Data section:
'''

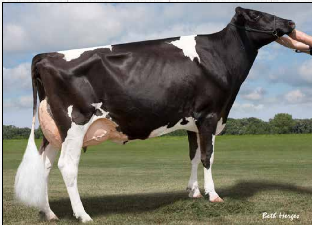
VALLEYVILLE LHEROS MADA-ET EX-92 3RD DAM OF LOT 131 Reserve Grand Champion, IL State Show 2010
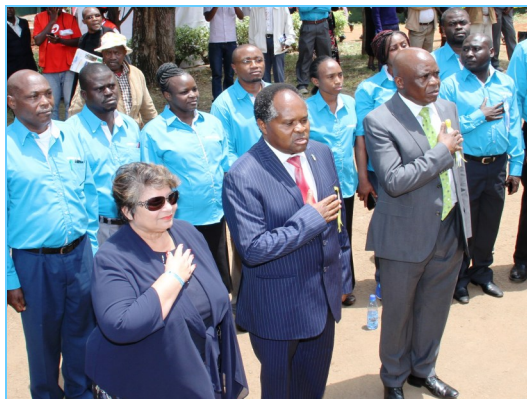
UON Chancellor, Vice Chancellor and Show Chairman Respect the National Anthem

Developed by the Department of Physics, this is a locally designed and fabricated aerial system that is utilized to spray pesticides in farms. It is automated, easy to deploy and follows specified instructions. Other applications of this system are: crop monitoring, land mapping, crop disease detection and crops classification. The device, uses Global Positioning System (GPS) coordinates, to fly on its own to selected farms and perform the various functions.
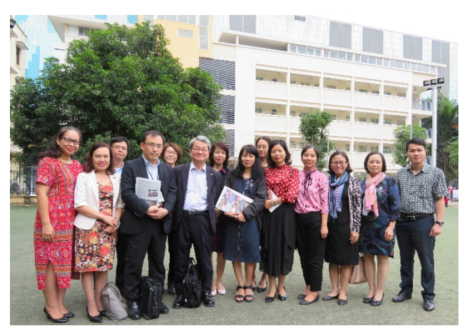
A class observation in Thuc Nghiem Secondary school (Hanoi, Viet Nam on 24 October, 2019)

'''

The output is the lines from the start of the data above through the line containing "UON Chancellor, Vice", unchanged, with any picture left out.

VALLEYVILLE LHEROS MADA-ET EX-92 3RD DAM OF LOT 131 Reserve Grand Champion, IL State Show 2010
UON Chancellor, Vice Chancellor and Show Chairman Respect the National Anthem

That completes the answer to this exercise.